Note that restarting this node will have several consequences:

• stopping current tasks
• temporary disconnection of users who are currently connected to it
• the DRS (Distributed Resource Scheduler) and vMotion (migrating VMs from one host to another) features will be temporarily unavailable
• if a PSC is present on this node, SSO, license management and the certificates present on it will be temporarily unavailable

The list of nodes reappears.

If you open the VCSA (vCenter Server Appliance) console from the "VMware Host Client" web interface of your VMware ESXi host, you will see that the shutdown may take a few minutes.

Plain Text

[ ***] (1 of 2) A stop job is running for VMware Service Lifecycle Manager (40s / 3min)

Once the reboot is complete, the blue and gray VCSA console (if applicable) will reappear.

If you try to access the VCSA web interface too quickly, you may receive this error:

503 Service Unavailable (Failed to connect to endpoint: [N7Vmacore4Http20 NamedPipeServiceSpecE:0x0000560c737eed50] _...

If this is the case, wait another 1 minute and try again, now the "VMware vSphere" login page will appear without problem.
This is simply because VMware vCenter Server is made up of many services and therefore it takes time before all of these services have finished starting.

To see information about joining your Active Directory domain, go back to: Menu -> Administration -> Single Sign-On -> Configuration -> Active Directory Domain.
As you can see, our server "vcsa.informatiweb.lan" is joined to the Active Directory domain "INFORMATIWEB.LAN" and the LDAP path for the OU had not been specified.

2. Add an identity source

To add an identity source, go to: Menu -> Administration -> Single Sign-On -> Configuration -> Identity Sources.
Then, click on: Add identity source.

Since you just linked your vCenter Server to your Active Directory domain, you can add the identity source for the same Active Directory domain more quickly.

For that :

• select "Identity source type: Active Directory (Windows Integrated Authentication)".
• indicate the domain name you just joined.
• select "Use machine account." This AD object was automatically created on your domain controller when you joined your vCenter Server to your Active Directory domain.
• click: Add.

The new identity source of type "Active Directory (Windows Integrated Authentication)" appears in the list.

3. View list of Active Directory users

As explained previously, adding an identity source allows you to use user accounts present on an Active Directory domain controller to connect to this vSphere Client.
To check this, go to: Single Sign-On -> Users and Groups -> Users.

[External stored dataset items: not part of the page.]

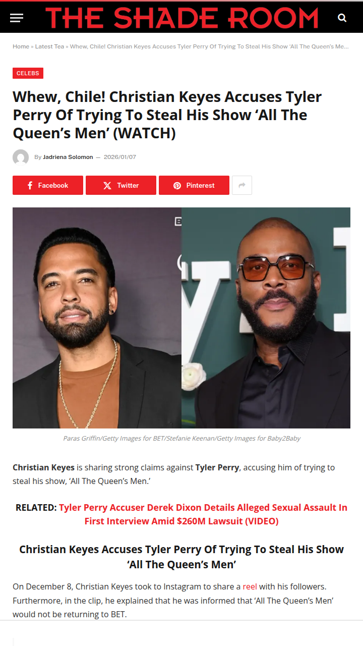 julie72+FollowTyler Perry vs. Christian Keyes?! 👀Did anyone else catch Christian Keyes calling out Tyler Perry for allegedly trying to steal ‘All The Queen’s Men’? Keyes claims Perry tried to take credit and even made the show “weird” with his input. Fans are split—some say they noticed the vibe shift, others are defending Perry. With more lawsuits and drama swirling, is this the end for ATQM on BET or just the start of a new chapter? #Entertainment #Celebrity #TylerPerry82Share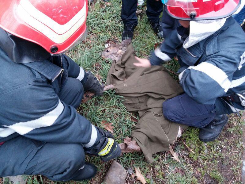 Trei animale (doi pui de căprioară și o vițea) au fost salvate de pompierii militari, la sfârșitul săptămânii trecute.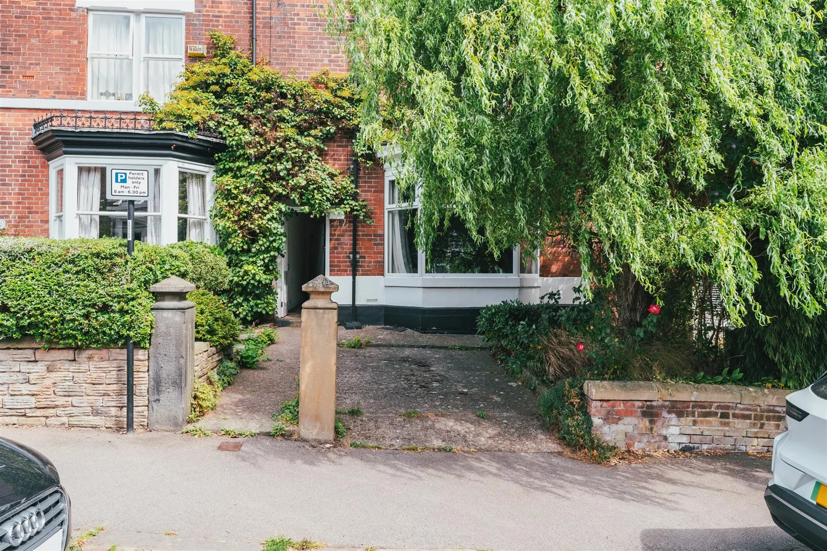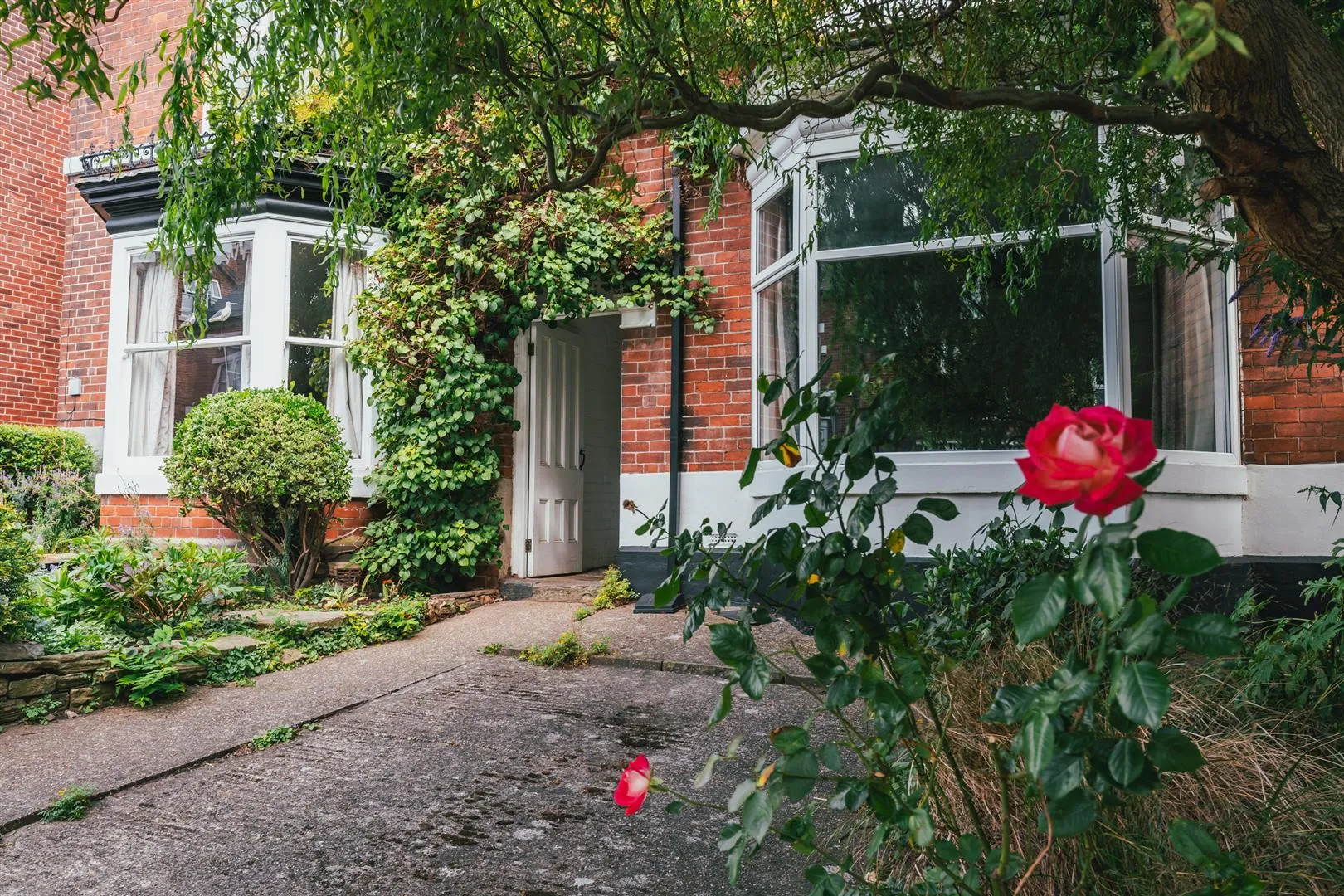 To the front of the property is a driveway with parking for one vehicle and mature trees and shrubs. A path leads to a timber door which opens to a shared alleyway.

By default, the selected domain and the SSO domain created when deploying VMware vCenter Server (or VCSA).
The default SSO domain is "vsphere.local".

If you open the "Domain" list, you will see your Active Directory domain appear.
If you select it, you will see that the list of users present in this Active Directory domain will appear.

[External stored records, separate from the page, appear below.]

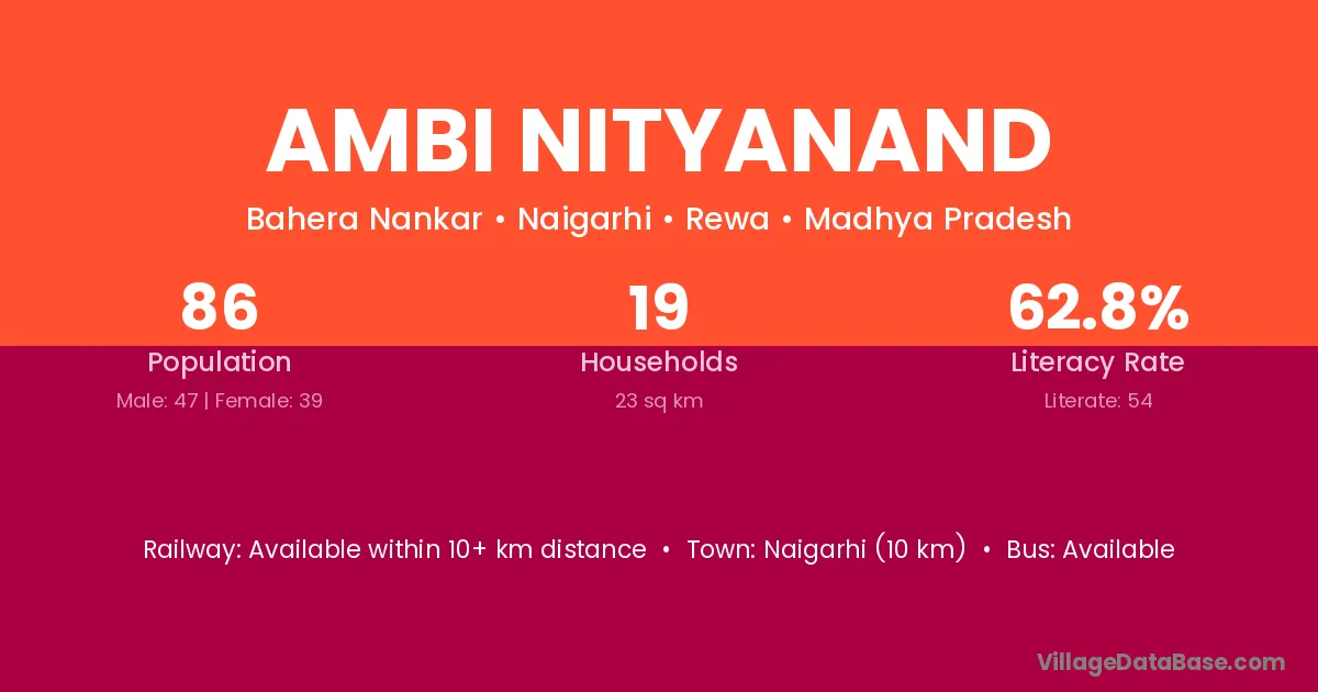 Ambi Nityanand village has a total population of 86 people, of which 47 are males and 39 are females.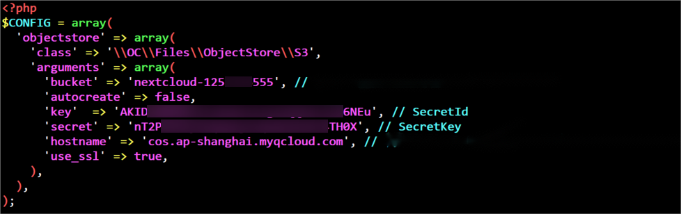 config.phpを作成し、次の内容を入力して、メモの内容に基づいて関連の値を変更します。<?php$CONFIG = array('objectstore' => array('class' => '\\\\OC\\\\Files\\\\ObjectStore\\\\S3','arguments' => array('bucket' => 'nextcloud-1250000000', // バケット名(スペース名)'autocreate' => false,'key' => 'AKIDxxxxxxxx', // ユーザーのSecretIdに置き換えます'secret' => 'xxxxxxxxxxxx', // ユーザーのSecretKeyに置き換えます'hostname' => 'cos.<Region>.myqcloud.com', // <Region>を所属リージョンに変更します(ap-shanghaiなど)'use_ssl' => true,),),);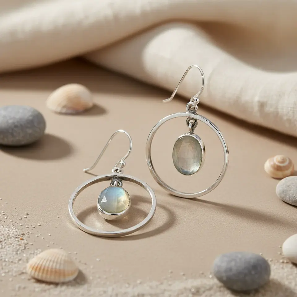 18K Gold Plated 925 Silver Moonstone Hoop Earrings Drop Dangle Earrings with Zircon for Women for Weddings and Parties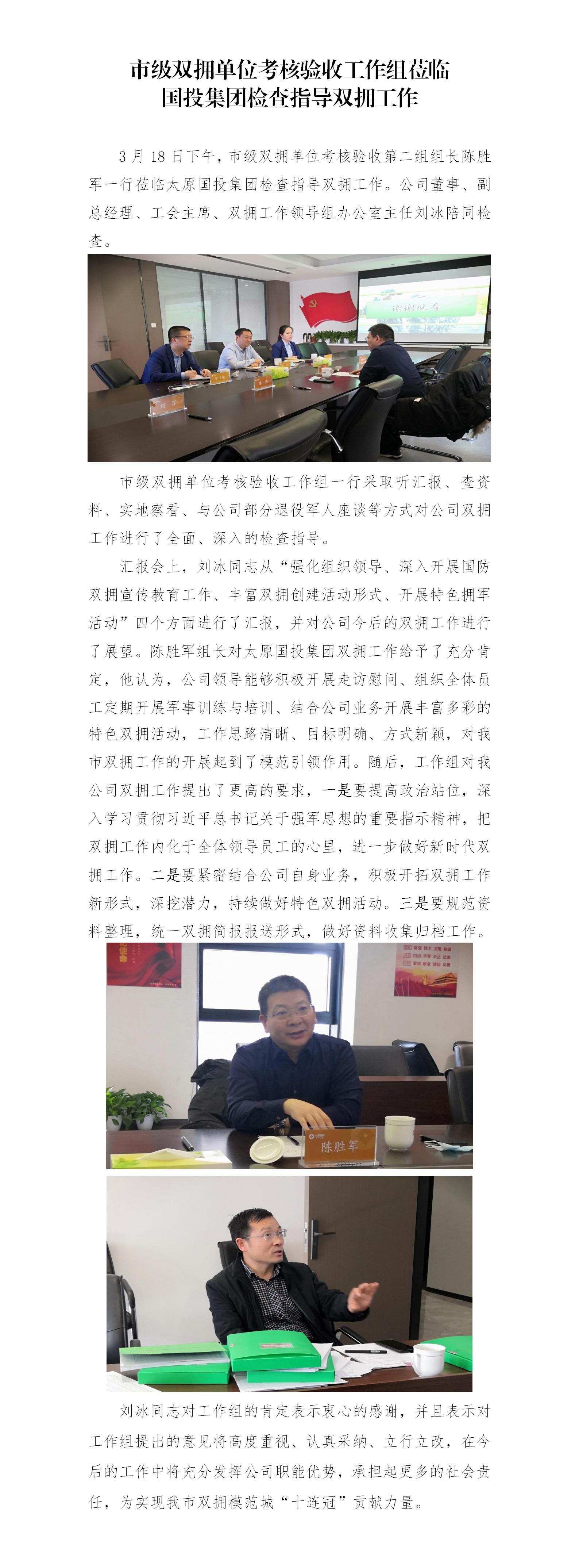 市級雙擁單位考核驗收工作組蒞臨國投集團檢查指導(dǎo)雙擁工作

For example: in our case, we can see our user "InformatiUser" appear.

4. Add a member to a group

As a demonstration, we will add a user from our Active Directory domain to the “Administrators” group of vCenter Server.
To do this, go to the “Groups” tab and click on the group name “Administrators”.

Next, click on the link: Add Members.

In the "Add Members" line, select your Active Directory domain name (eg: informatiweb.lan) from the list, then type the name of a user in the following box.
In our case, we specify "Administrator" and vCenter Server finds the "Administrator" user account in our Active Directory domain.

Click on this user's name.

The Administrator account appears in the list of members of this group.
Click Save.

As you can see, the user from our Active Directory domain has been added to the "Administrators" group of VMware vCenter Server.

5. Logging in with an Active Directory user account

Log out of the vSphere Client (by clicking your username at the top right of the page), then attempt to log in with the Active Directory user account you just added to the VMware "Administrators" group vCenterServer.

In our case, we therefore indicate:

• Administrator@informatiweb.lan
• his password

Then we click on Login.

As expected, we have access to the vSphere Client and we have as many rights as before given that our user account is part of the "Administrators" group of VMware vCenter Server.